Extracted records:
________

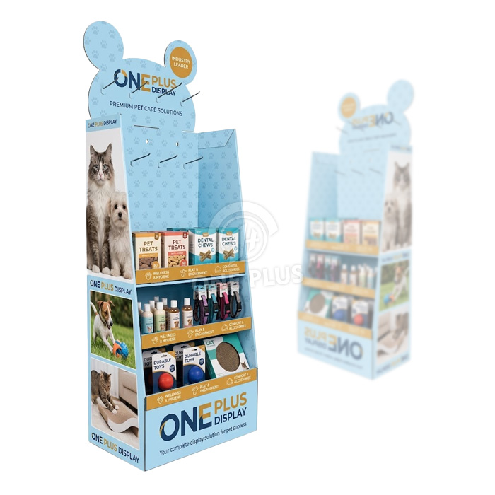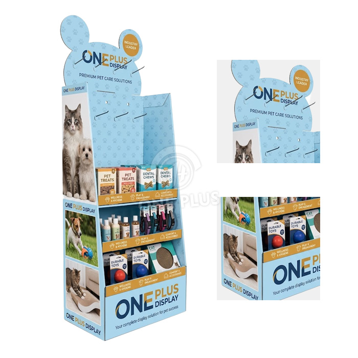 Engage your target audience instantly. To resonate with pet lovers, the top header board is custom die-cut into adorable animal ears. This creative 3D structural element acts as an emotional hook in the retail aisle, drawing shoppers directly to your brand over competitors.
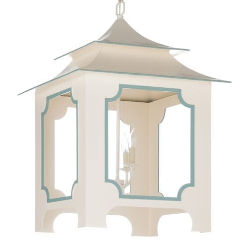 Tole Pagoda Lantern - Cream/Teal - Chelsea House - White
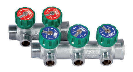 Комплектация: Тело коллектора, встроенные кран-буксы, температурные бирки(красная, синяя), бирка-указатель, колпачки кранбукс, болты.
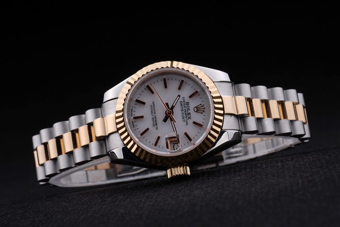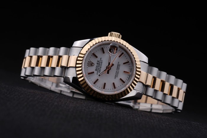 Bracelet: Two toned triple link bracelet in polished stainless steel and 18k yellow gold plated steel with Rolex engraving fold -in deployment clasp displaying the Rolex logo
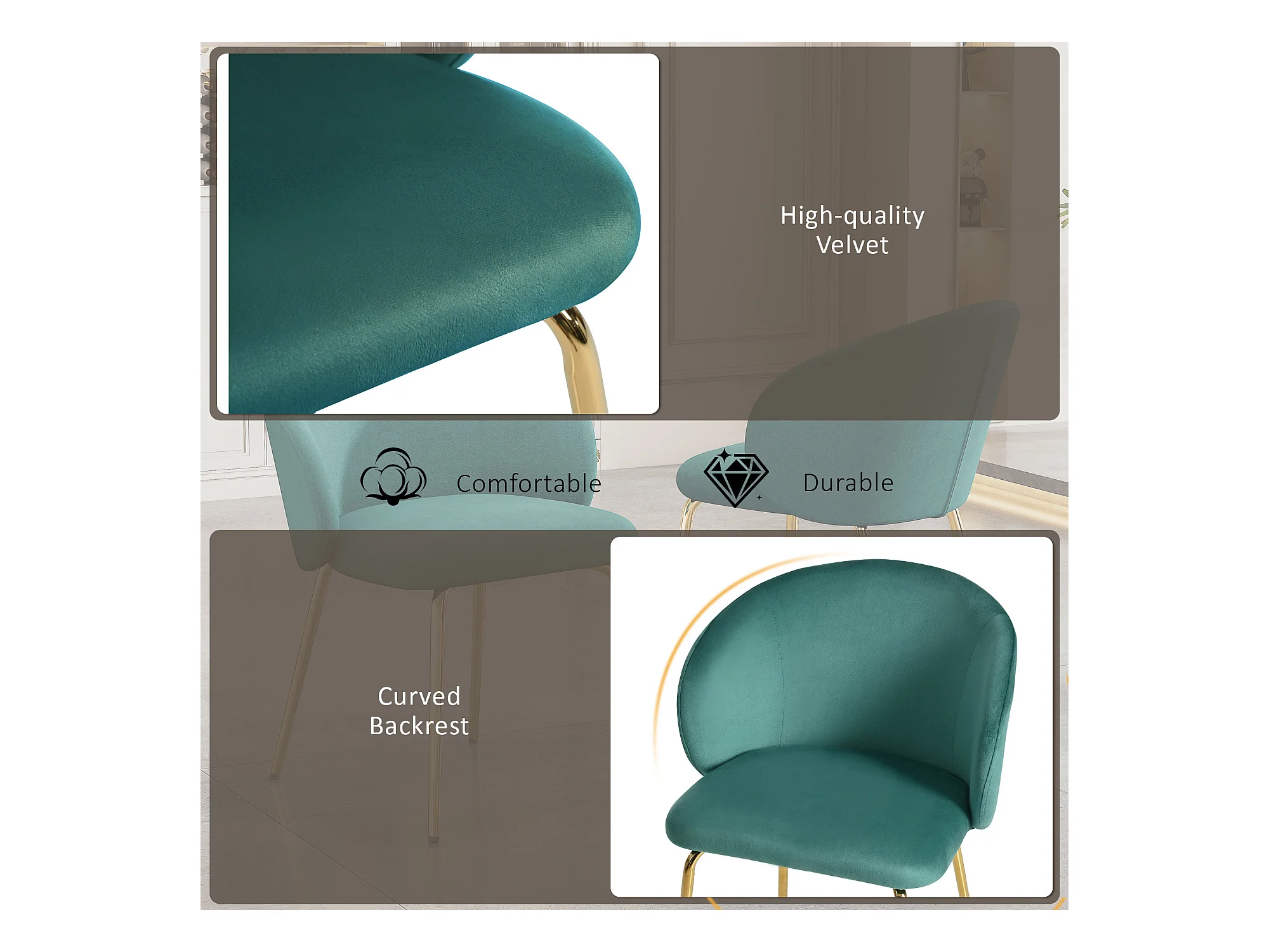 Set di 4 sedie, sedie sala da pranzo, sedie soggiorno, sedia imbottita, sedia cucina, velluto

________

To do:
Quote exactly, and only, the lines from the one containing "Tole Pagoda Lantern" through the last line of the records above, both included; leave out any pictures.

Written solution:
 Tole Pagoda Lantern - Cream/Teal - Chelsea House - White
 Комплектация: Тело коллектора, встроенные кран-буксы, температурные бирки(красная, синяя), бирка-указатель, колпачки кранбукс, болты.
 Bracelet: Two toned triple link bracelet in polished stainless steel and 18k yellow gold plated steel with Rolex engraving fold -in deployment clasp displaying the Rolex logo
 Set di 4 sedie, sedie sala da pranzo, sedie soggiorno, sedia imbottita, sedia cucina, velluto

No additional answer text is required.